On a NVIDIA GTX 660 (2GB) (paired with a balanced AMD Ryzen 3 3300X-class CPU), Minecraft (Java) runs at roughly 35 FPS at 1080p with our optimized settings — up from about 26FPS with everything maxed. Here's the configuration and what each setting costs.
The NVIDIA GTX 660 (2GB) is a entry-level graphics card with 2GB of VRAM, and Minecraft (Java) is a relatively light game to run. Paired with the AMD Ryzen 3 3300X, it is a real challenge at 1080p — about 35 FPSwith FrameCoach's optimized settings, a clear jump from roughly 26 FPS with everything on High.
Across resolutions you can expect around 35 FPS at 1080p and 21 FPS at 1440p, dropping to roughly 12 FPS at 4K. Minecraft (Java) doesn't use upscaling, so the gains come from trimming the heaviest settings below.

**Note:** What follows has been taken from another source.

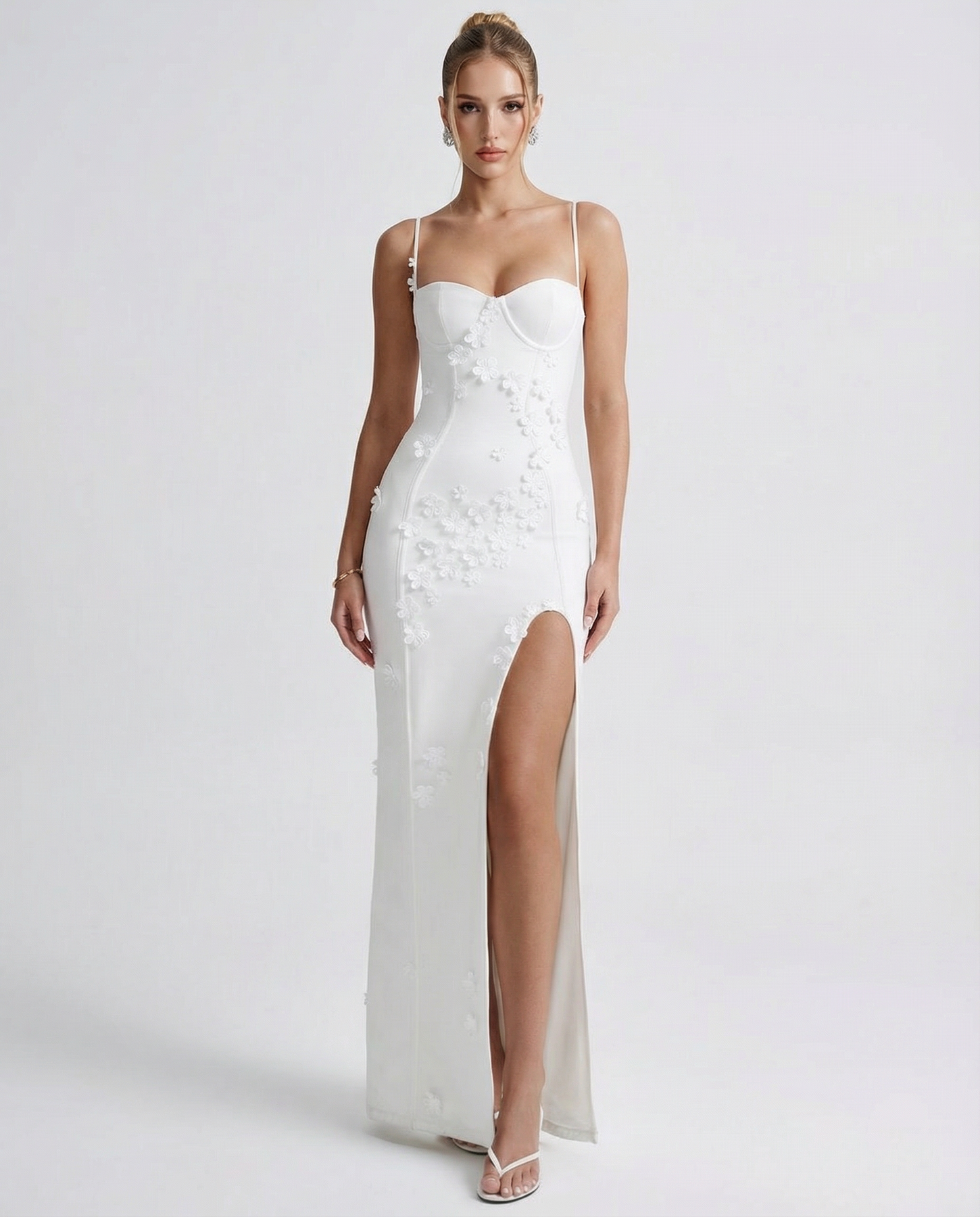 Soft, sculpting, and low-key iconic. The Charlotte Luna Slit Maxi is made to hug your curves in all the right places, with delicate floral appliqués that catch the light as you move. The corset-inspired bodice gives a snatched silhouette, while the thigh-high slit adds just enough drama. Think romantic energy, main-character confidence, and effortless elegance — all in one look.

| Resolution | All-High FPS | Optimized FPS |
|---|---|---|
| 1080p | 26 | 35 |
| 1440p | 15 | 21 |
| 4K | 9 | 12 |
⚡ Fine-tune this for your exact CPU & target FPS →
With FrameCoach's optimized balanced settings, the NVIDIA GTX 660 (2GB) averages around 35 FPS at 1080p in Minecraft (Java) — up from about 26 FPS with everything on High.
At 1440p with optimized settings, the NVIDIA GTX 660 (2GB) averages roughly 21 FPS in Minecraft (Java); turn on upscaling or aim for a locked 60 for the best feel.
Use a balanced preset, keep ray tracing off for maximum FPS, and ease the heaviest options like Render Distance and Graphics down a notch. The full per-setting breakdown is above.
FPS figures are estimates from a generalized model (hardware tier × game load × per-setting weights), not live benchmarks — real performance varies by scene, drivers and game version.